Sarah Solomon, Gender and Women’s Studies
La Revanche Du Coeur: Women’s Oral Traditions as Strategies for Resistance in Mali
Faculty Mentor: Dr. Gloria Chuku
During my semester studying abroad in Mali, I plan to explore the research question: do women in Mali use oral traditions as strategies for resistance? I am interested in gathering stories from women who engage in oral traditions, such as ritual songs, ceremonial songs, and oral stories and family histories. I will investigate whether these oral traditions are liberating for women in Mali by analyzing whether or not they allow women to create strong social networks, to challenge or resist existing gender norms and expectations, or to increase their participation in political, cultural or social activities. I am also particularly interested in the incorporation of women’s oral traditions by contemporary female pop singers in Mali. I plan to research how contemporary pop music is an emerging space in which to examine shifting gender norms among new generations of Malians.
How did you find your mentor for this project?
My mentor was the professor of a class that I was taking at the time I decided to apply for a URA.
How did you know this was the project you wanted to do?
I did a research paper on the topic for a class and realized that I wanted to explore further the questions that I asked in the conclusion of my paper.
Is this your first independent research project?
Do you get course credit for this work?
I will be getting course credit for the study abroad program in which I am participating, and my research project is part of this program.
How much time do you put into it?
I will spend one semester working on the research, plus months of preliminary research.
What academic background did you have before you started?
Three years of college majoring in Gender and Women’s Studies.
You have a $1,500 Undergraduate Research Award from UMBC for your work. How did you hear about this program?
Through professors and the e-mails constantly sent out by the Office of Undergraduate Education
Was the application difficult to do?
Not at all, it was daunting at first but when I sat down to do it I found that it was very simple.

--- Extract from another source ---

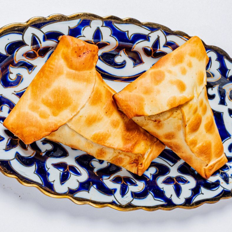 Заказать Традиционная узбекская выпечка из слоеного теста с начинкой из мелко рубленой телятины и лука.

How much did your mentor help you with this?
She looked over it for me and made minor comments.
What is your advice to other students about getting involved in research?
Do it do it do it. It is a wonderful opportunity to do research on topics of your interest and choosing, and it looks great to grad schools.
What are your career goals?
I hope to receive an M.A. in Gender and Women’s Studies as well as a law degree, and work in the public interest sector.
What has been the hardest part about your research?
I’m sure the hardest part is yet to come, since I have not left for Africa yet.
What was the most unexpected thing?
The most unexpected thing was how my research topic related so closely to the academic work that I was doing in several of my classes, which was great preparation for me.